*** Block opens ***

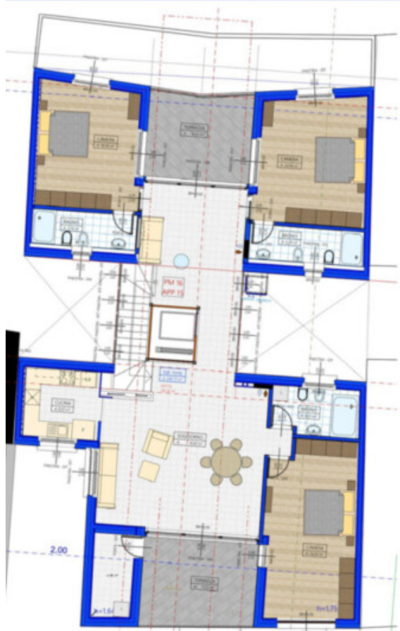
1:100 WOHNUNG 15 / APPARTAMENTO 15 - PM 16
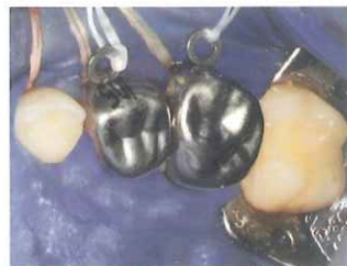
4. フロスを結んだ乳歯冠を試適する
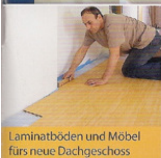
Laminatböden und Möbel fürs neue Dachgeschoss

*** Block closes ***

TASK: Find the line containing "4. フロスを結んだ乳歯冠を試適する" in the listing above. Restate it and every line after it, word for word, through the final line, leaving out the pictures.

TASK SOLUTION:
4. フロスを結んだ乳歯冠を試適する
Laminatböden und Möbel fürs neue Dachgeschoss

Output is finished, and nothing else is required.